To buy a home, let’s assume that LotArea, Overall Quality, Overal Condition, and Year Built would most likely influence the home price. Let’s see if we can build a model to prove (or disprove) this point.
attach(home_data)
home.lm <- lm(SalePrice ~ LotArea + OverallQual + OverallCond + YearBuilt)
home.lm
##
## Call:
## lm(formula = SalePrice ~ LotArea + OverallQual + OverallCond +
## YearBuilt)
##
## Coefficients:
## (Intercept) LotArea OverallQual OverallCond YearBuilt
## -7.984e+05 1.499e+00 4.003e+04 2.736e+03 3.572e+02
home_factors <- c('SalePrice', 'LotArea', 'OverallQual', 'OverallCond', 'YearBuilt')

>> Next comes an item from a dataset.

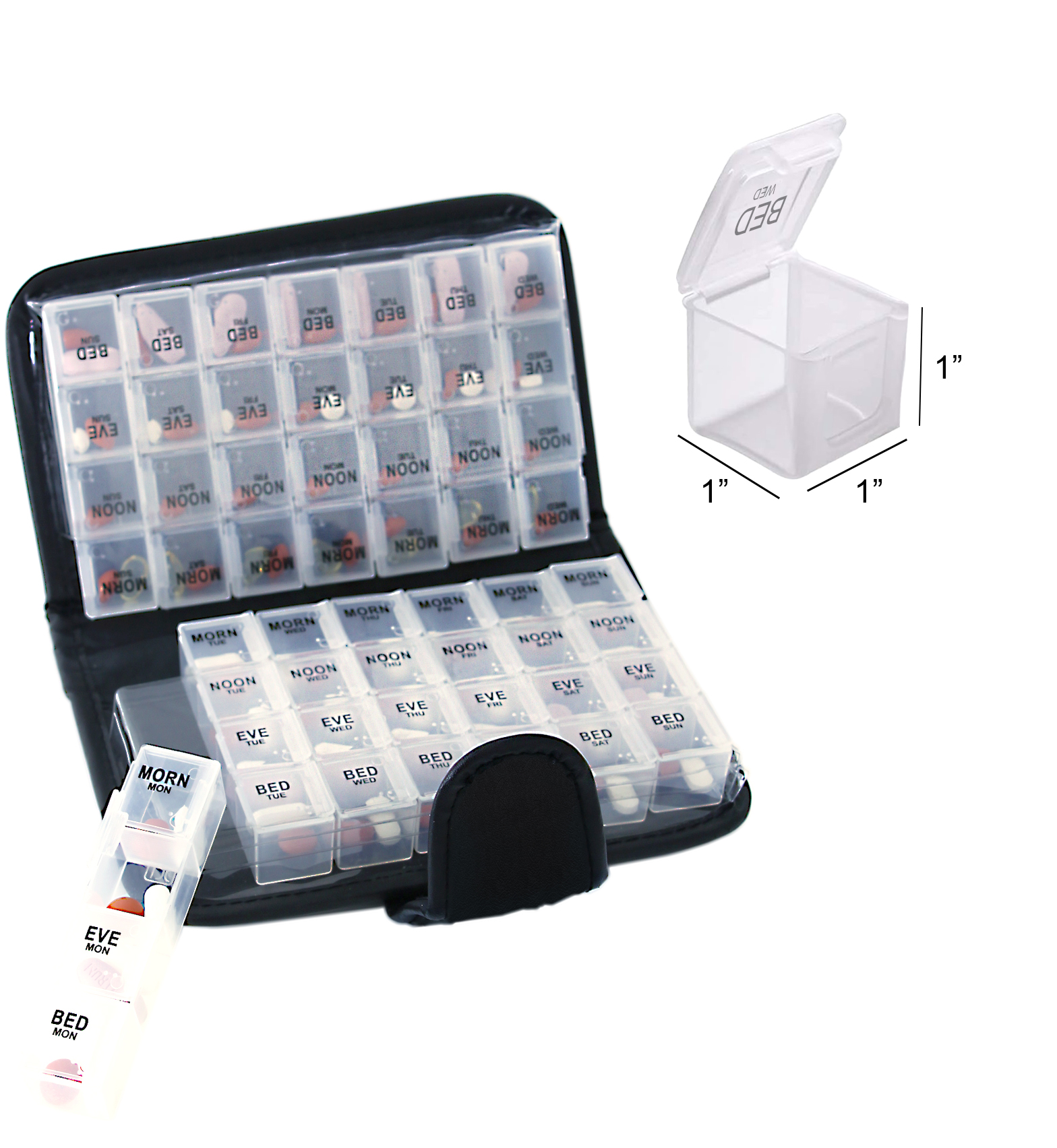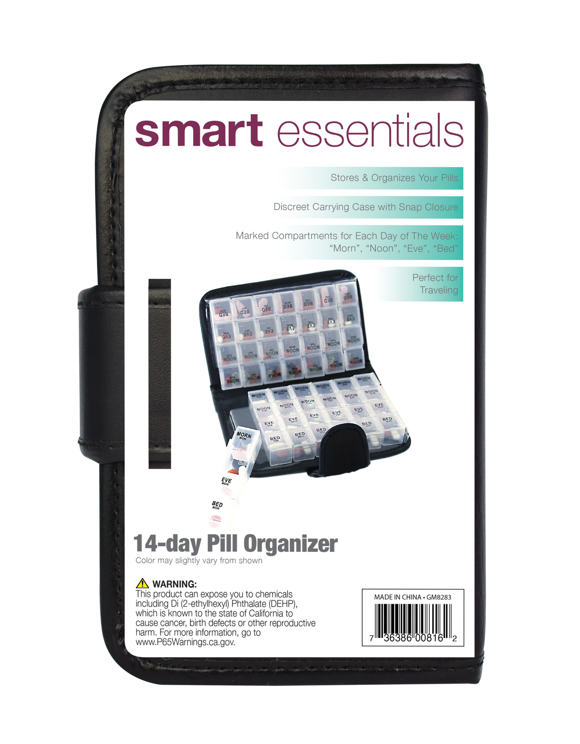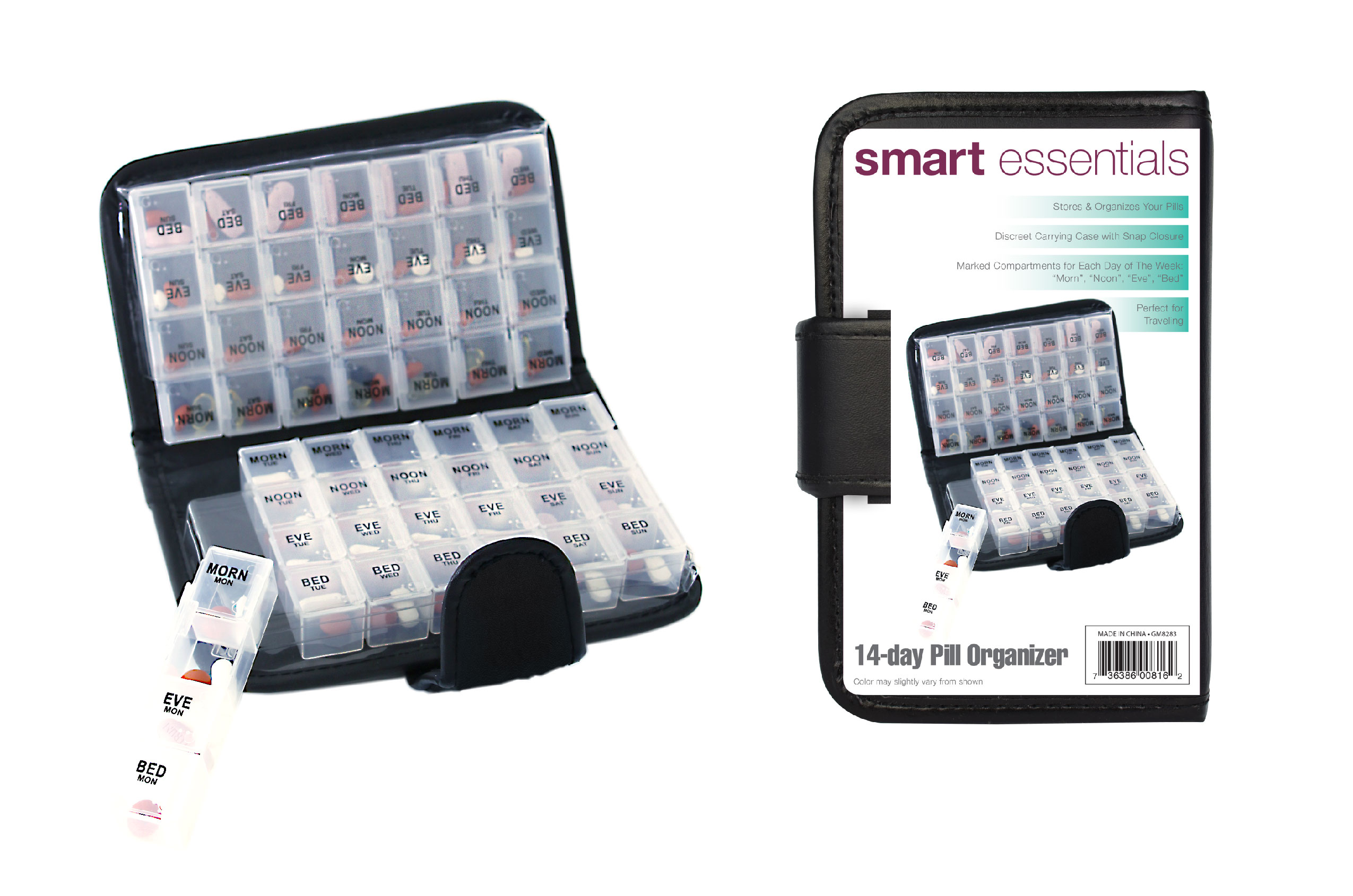 This compact 14-day pill organizer is designed to keep your daily medications neatly stored and easy to manage. Featuring clearly labeled compartments for morning, noon, evening, and bedtime, it helps you stay on track with your routine without confusion. The discreet snap-closure case keeps pills secure while traveling, and the removable daily containers make refilling quick and simple. Ideal for home or on the go, this organizer offers a practical and reliable solution for everyday pill management.
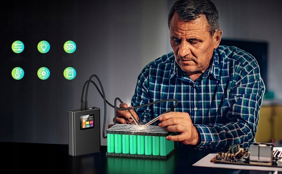- На відміну від більшості зварювальних зварювань, доступних на ринку, наше міні-паяльне залізо підтримує товщину 0,1-0,15 мм. Ця машина невелика, але повністю функціональна, яка може задовольнити різні потреби, пов'язані з виробництвом батарей. (Примітка: після отримання першої зарядки та вправи багато разів, щоб знайти правильну пайку.)

house_plt <- home_data[home_factors]
plot(house_plt)
Let’s take a closer look at Lot area and sales price
plot(LotArea, SalePrice)
plot(OverallQual, SalePrice)
plot(YearBuilt, SalePrice)
Now, let us evaluate the model
summary(home.lm)
##
## Call:
## lm(formula = SalePrice ~ LotArea + OverallQual + OverallCond +
## YearBuilt)
##
## Residuals:
## Min 1Q Median 3Q Max
## -268634 -26234 -3667 20004 393023
##
## Coefficients:
## Estimate Std. Error t value Pr(>|t|)
## (Intercept) -7.984e+05 1.032e+05 -7.733 1.94e-14 ***
## LotArea 1.500e+00 1.210e-01 12.397 < 2e-16 ***
## OverallQual 4.003e+04 1.079e+03 37.107 < 2e-16 ***
## OverallCond 2.736e+03 1.178e+03 2.323 0.0203 *
## YearBuilt 3.572e+02 5.279e+01 6.767 1.90e-11 ***
## ---
## Signif. codes: 0 '***' 0.001 '**' 0.01 '*' 0.05 '.' 0.1 ' ' 1
##
## Residual standard error: 45770 on 1455 degrees of freedom
## Multiple R-squared: 0.6689, Adjusted R-squared: 0.668
## F-statistic: 735 on 4 and 1455 DF, p-value: < 2.2e-16
This model has a p value < 0.05, which makes them statistically significant. This model has an adjusted R-squared value of .668, which in others states that with these 4 variables, 66.8% of the data is explained by this model.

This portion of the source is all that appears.